Por Marina Oliveira, Assessoria de Comunicação do Cimi.
Há um pouco mais de um mês – no dia 21 de setembro –, o placar final do julgamento sobre direitos originários, no Supremo Tribunal Federal (STF), emocionou as pessoas que acompanhavam a sessão por meio de um telão instalado próximo à Praça dos Três Poderes, em Brasília. Olhos marejados, longos abraços, danças e cantos compunham o cenário daquele momento, que entrou para a história dos povos indígenas do país.
Apesar da comemoração, também escutava-se, principalmente do povo Xokleng – centro desse debate –, que a rejeição do marco temporal no STF, por 9 votos a 2, era apenas a continuidade de uma luta que já dura mais de um século.
E os indígenas estavam certos: no dia 27 de setembro, mesma data em que o STF concluía a análise do caso de repercussão geral sobre direitos constitucionais dos povos originários, o Senado Federal aprovou, às pressas, o Projeto de Lei (PL) 2903/2023 – proposição que busca restringir os direitos territoriais garantidos aos povos indígenas na Constituição Federal de 1988. A aprovação do projeto na Casa também ocorreu praticamente uma semana após a Suprema Corte rejeitar a tese ruralista do marco temporal.
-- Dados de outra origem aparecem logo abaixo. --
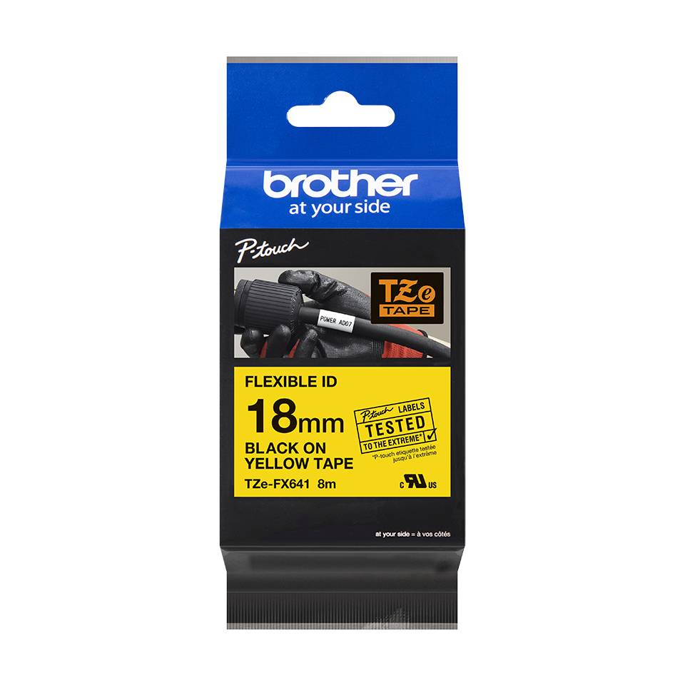 Deze 18 mm TZe-FX641 flexibele ID labeltape is speciaal ontworpen voor gebruik bij het labelen van kabels en buizen, en is door Brother uitvoerig getest om te zorgen dat u snel en efficiënt identificatie labels kunt afdrukken. Met de speciaal ontwikkelde lijmlaag waarmee u labels gemakkelijk op kabels, pvc-buizen of ander cilindervormige voorwerpen kunt plaatsen, is de Brother TZe-FX641 labeltape zwart op geel ook geschikt voor gebruik op sterk gebogen oppervlakken zoals leidingen en pijpen. Uw label kan herhaaldelijk om de kabel worden gewikkeld, of als vlaggetje aan elkaar worden geplakt.Onze gelamineerde labels zijn te gebruiken met met diverse Brother P-touch labelprinters, zijn ontwikkeld om lang mee te gaan en zijn bestand tegen extreme temperaturen, zonlicht, water, chemicaliën en slijtage.

Na última sexta-feira – 20 de outubro –, o PL 2903/2023 passou pelo Poder Executivo: Lula vetou total ou parcialmente 24 de 33 artigos da proposição, perdendo a oportunidade de cumprir com o que prometia antes mesmo de iniciar o mandato, quando dizia ter “obrigação moral” de fazer reparação a povos indígenas.
Os vetos de Lula ainda poderão ser derrubados pelo Congresso Nacional, já que a maioria dos parlamentares vende a ideia de que “a paz no campo” só existirá com a existência de um marco temporal para a demarcação dos territórios indígenas.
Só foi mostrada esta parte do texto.